### [MATERIAL SHOWN]
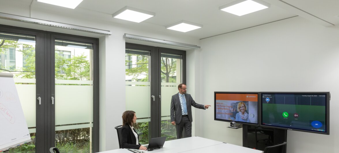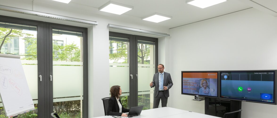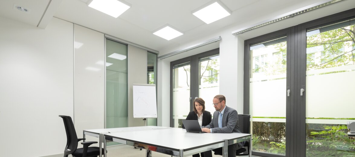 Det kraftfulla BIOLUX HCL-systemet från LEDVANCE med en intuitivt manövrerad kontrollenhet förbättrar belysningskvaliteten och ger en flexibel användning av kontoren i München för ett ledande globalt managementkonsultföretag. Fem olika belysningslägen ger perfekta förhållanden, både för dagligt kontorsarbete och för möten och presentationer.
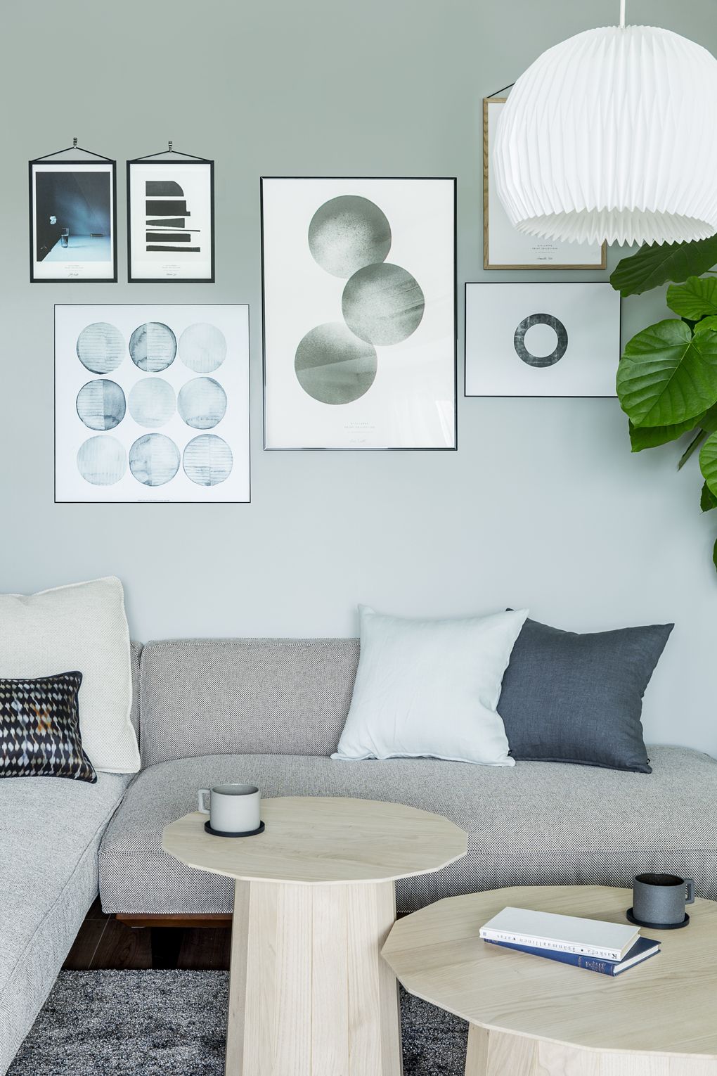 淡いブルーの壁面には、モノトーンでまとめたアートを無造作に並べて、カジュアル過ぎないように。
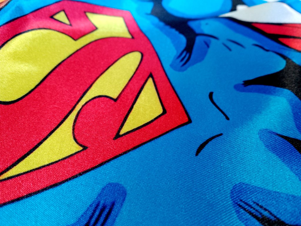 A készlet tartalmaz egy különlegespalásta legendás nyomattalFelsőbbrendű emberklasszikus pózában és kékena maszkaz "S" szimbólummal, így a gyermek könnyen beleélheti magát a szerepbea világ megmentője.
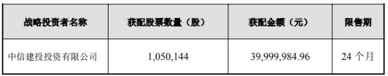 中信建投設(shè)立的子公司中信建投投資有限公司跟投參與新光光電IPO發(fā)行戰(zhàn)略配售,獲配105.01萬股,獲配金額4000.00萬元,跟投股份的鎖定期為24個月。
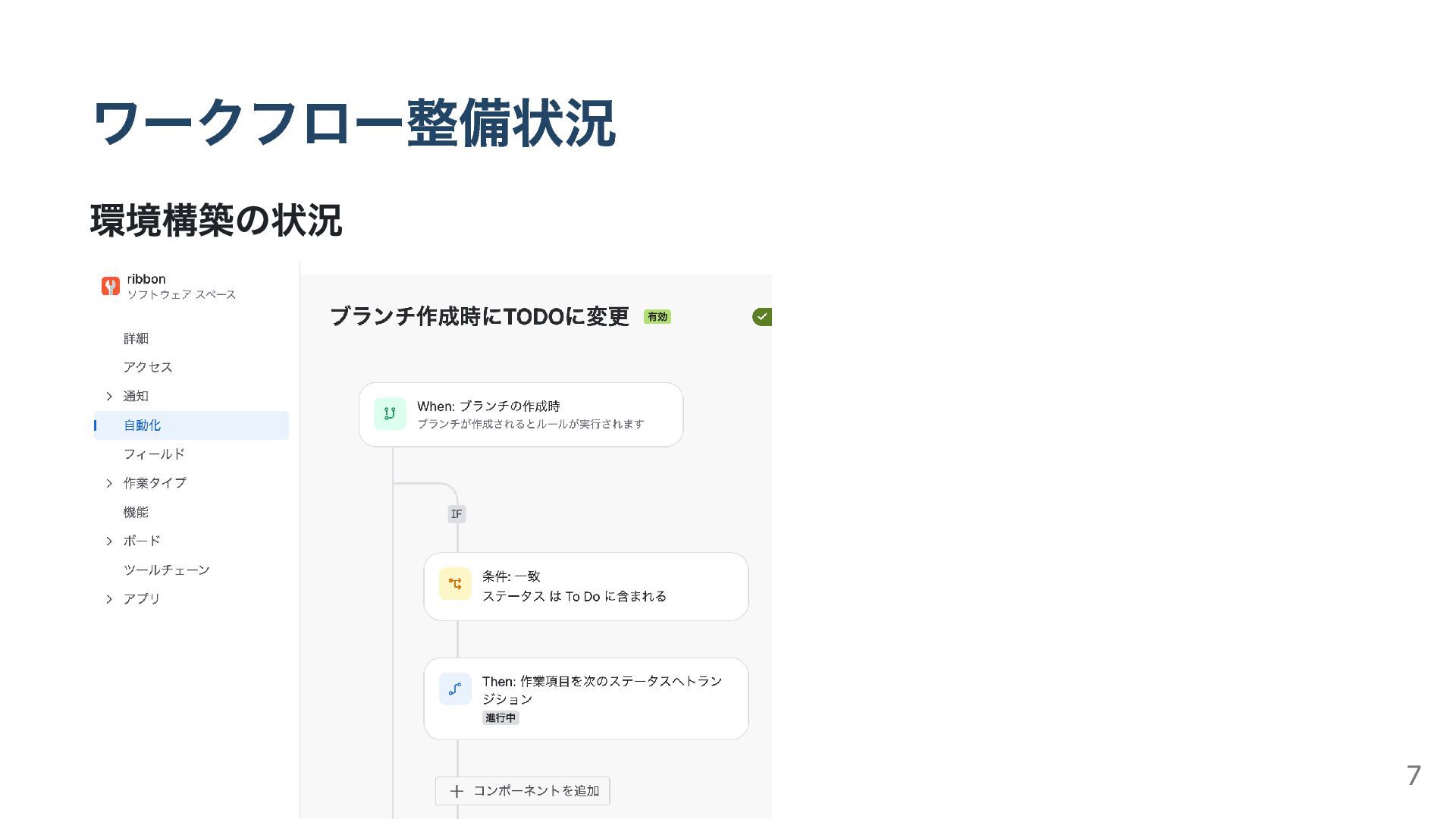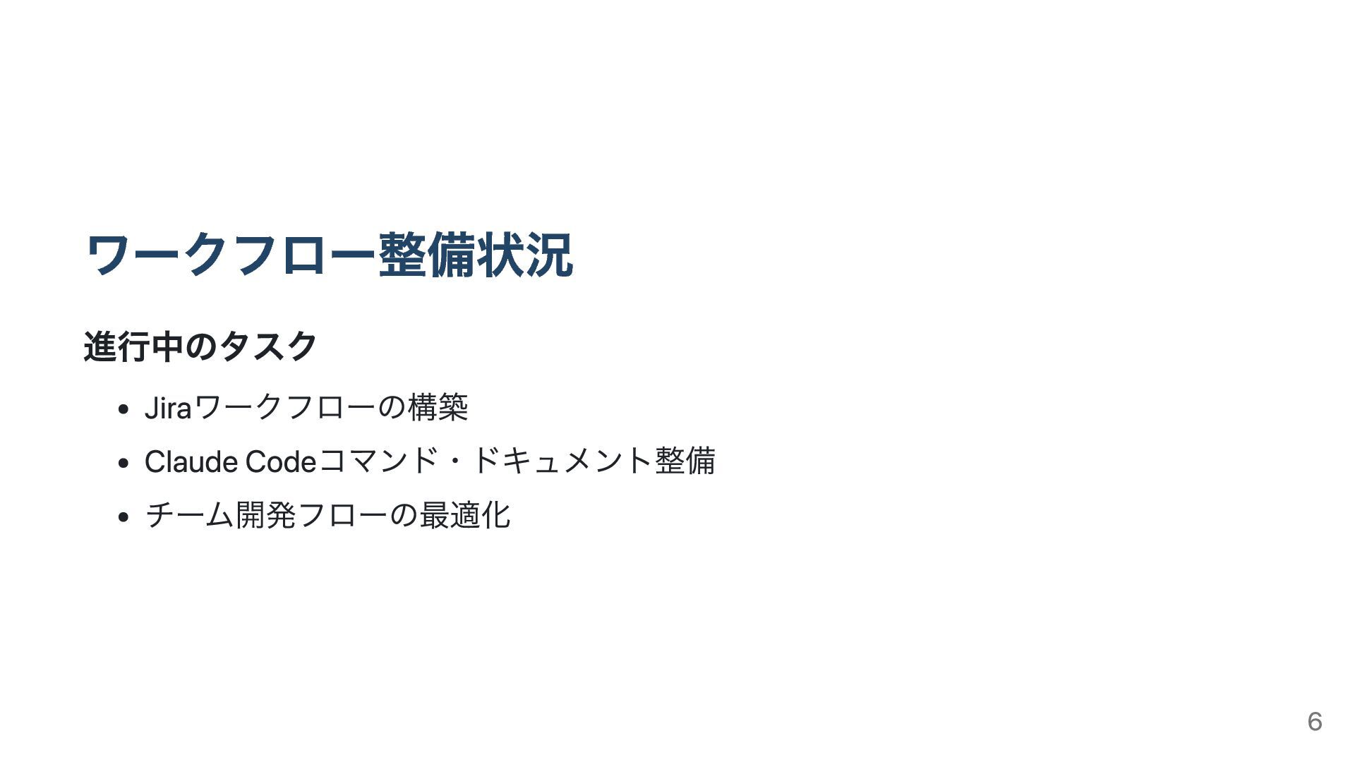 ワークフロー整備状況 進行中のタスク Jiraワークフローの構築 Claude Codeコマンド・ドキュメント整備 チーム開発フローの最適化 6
...
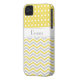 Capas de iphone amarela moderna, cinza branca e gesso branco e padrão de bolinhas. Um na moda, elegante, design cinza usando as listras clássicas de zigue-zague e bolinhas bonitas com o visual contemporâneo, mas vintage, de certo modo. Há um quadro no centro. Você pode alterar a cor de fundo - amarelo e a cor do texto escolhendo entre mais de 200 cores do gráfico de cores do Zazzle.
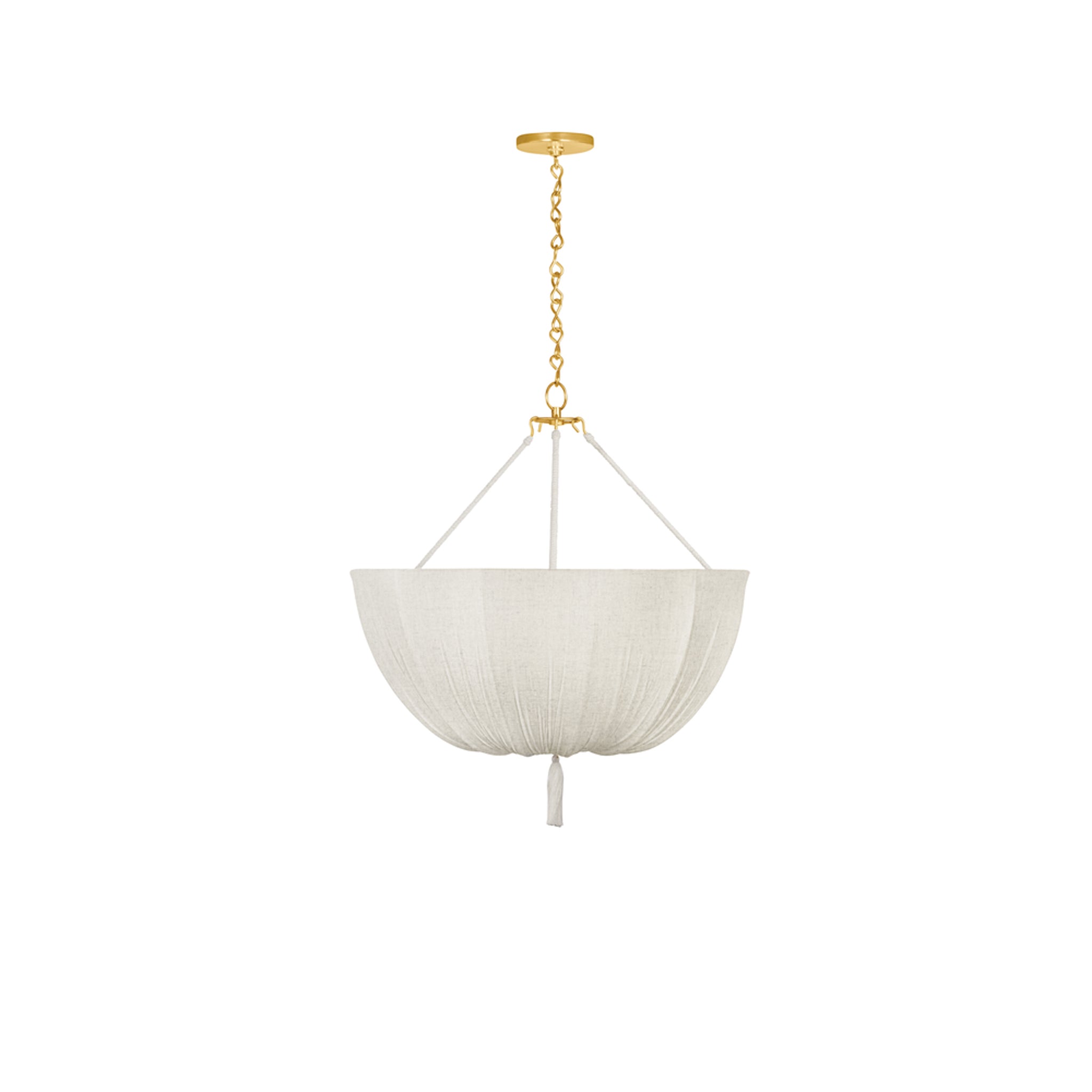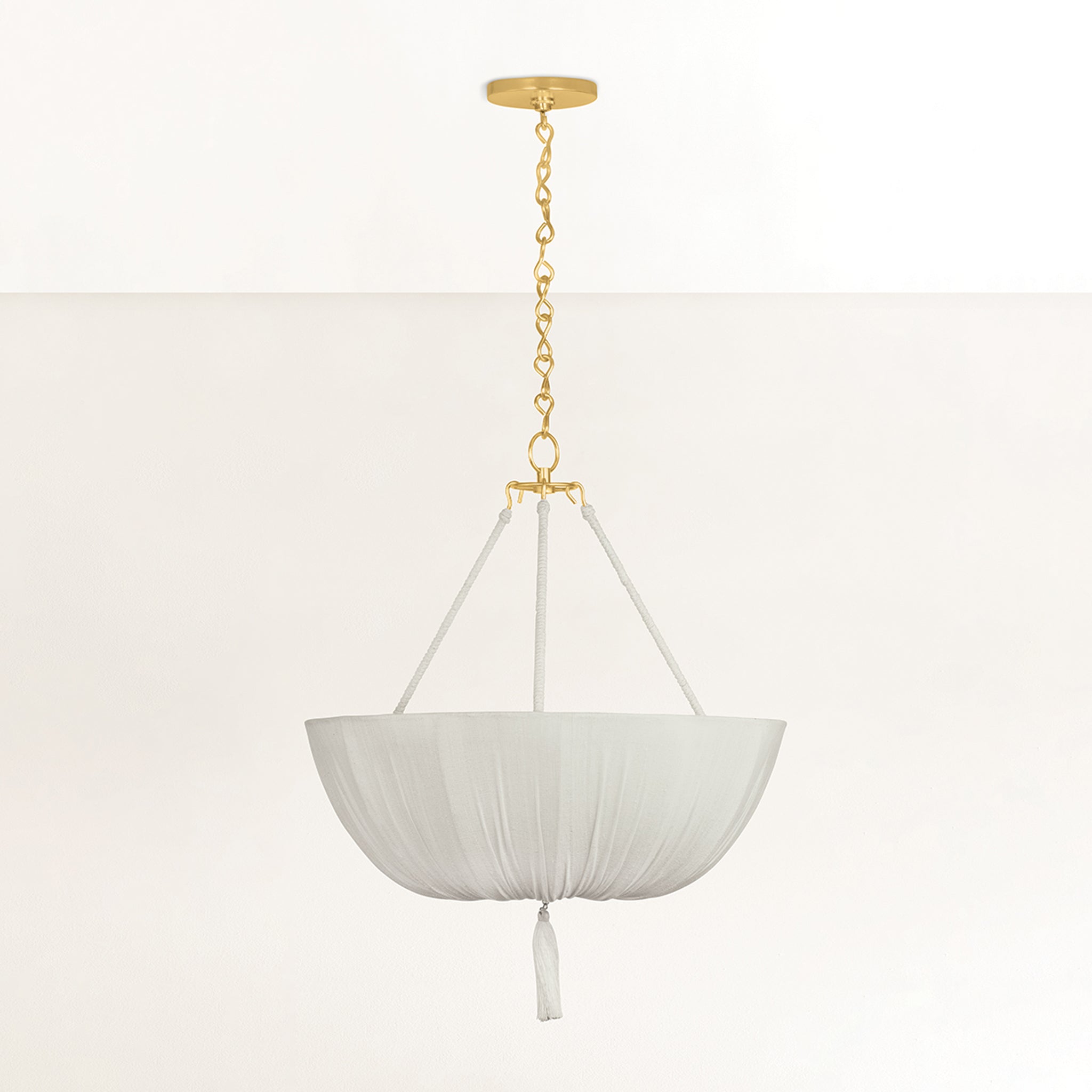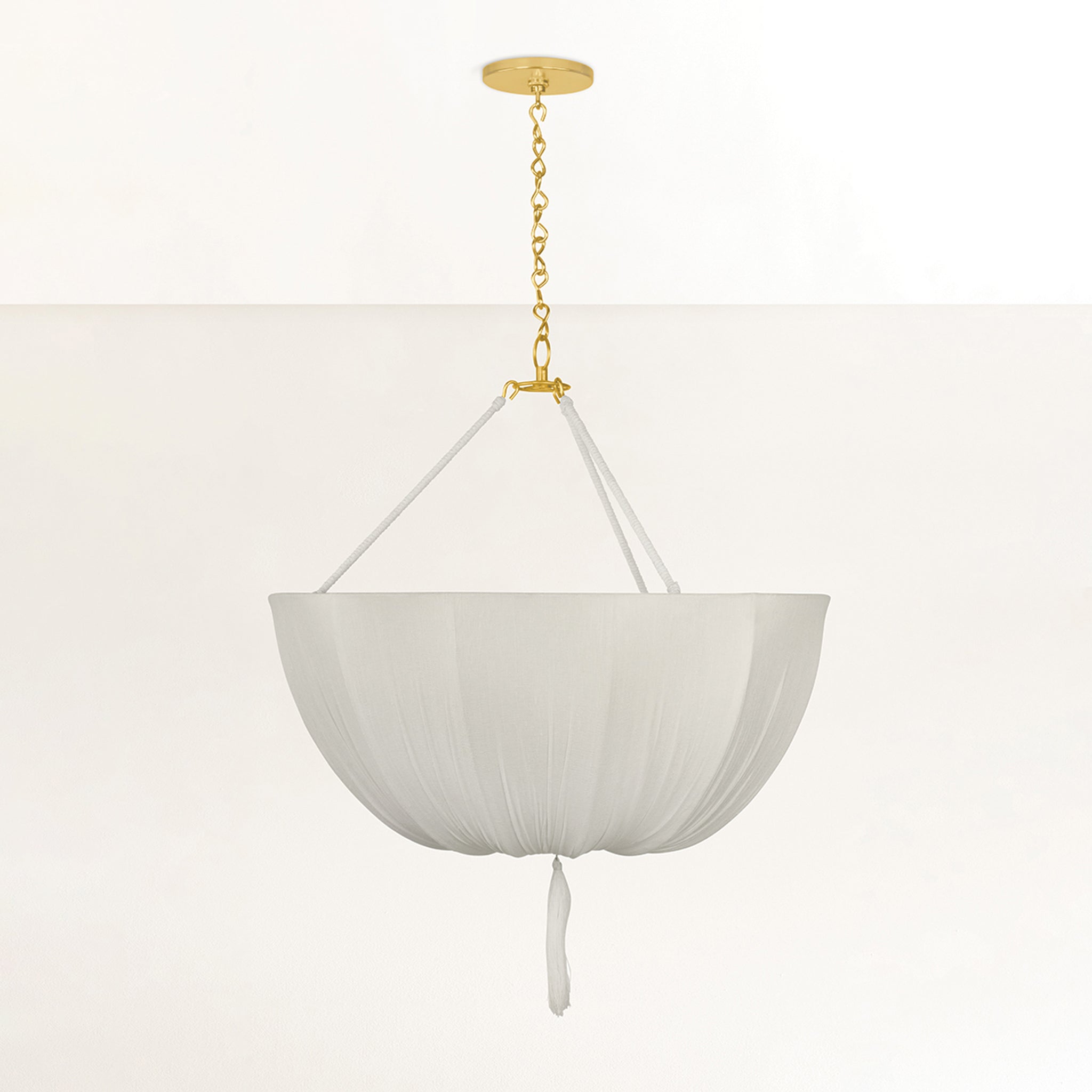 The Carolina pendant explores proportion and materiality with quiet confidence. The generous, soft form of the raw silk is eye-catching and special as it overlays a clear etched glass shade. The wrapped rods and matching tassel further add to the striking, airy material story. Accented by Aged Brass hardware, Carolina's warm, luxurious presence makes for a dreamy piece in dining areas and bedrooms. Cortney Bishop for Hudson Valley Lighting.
...
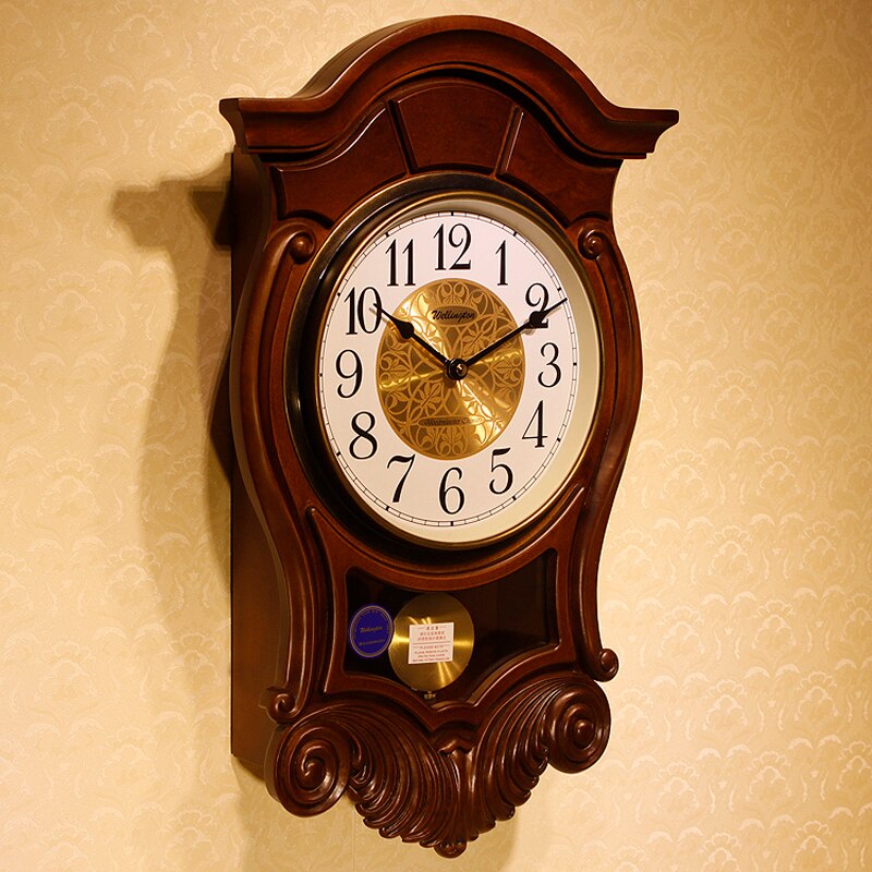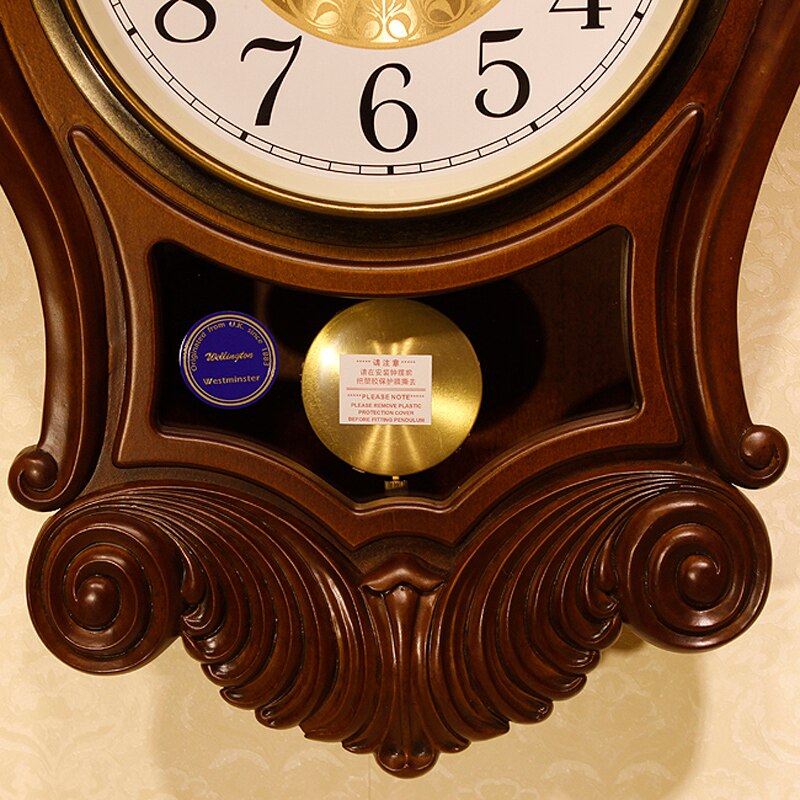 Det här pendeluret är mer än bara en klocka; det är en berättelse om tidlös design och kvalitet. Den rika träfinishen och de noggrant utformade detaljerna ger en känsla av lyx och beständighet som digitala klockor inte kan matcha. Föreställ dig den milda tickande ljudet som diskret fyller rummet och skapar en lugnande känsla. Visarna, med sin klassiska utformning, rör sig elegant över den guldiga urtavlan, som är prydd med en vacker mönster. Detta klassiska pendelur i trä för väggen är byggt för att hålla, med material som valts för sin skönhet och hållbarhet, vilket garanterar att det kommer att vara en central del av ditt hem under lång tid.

### [HOW TO COMPLETE THIS TASK]
What's needed is an exact copy of the lines above from the one with "中信建投設(shè)立的子公" through the one with "ワークフロー整備状況 進行中のタスク Jiraワークフローの構築", both included; the pictures stay out.

### [ANSWER TO THIS TASK]
 中信建投設(shè)立的子公司中信建投投資有限公司跟投參與新光光電IPO發(fā)行戰(zhàn)略配售,獲配105.01萬股,獲配金額4000.00萬元,跟投股份的鎖定期為24個月。
 ワークフロー整備状況 進行中のタスク Jiraワークフローの構築 Claude Codeコマンド・ドキュメント整備 チーム開発フローの最適化 6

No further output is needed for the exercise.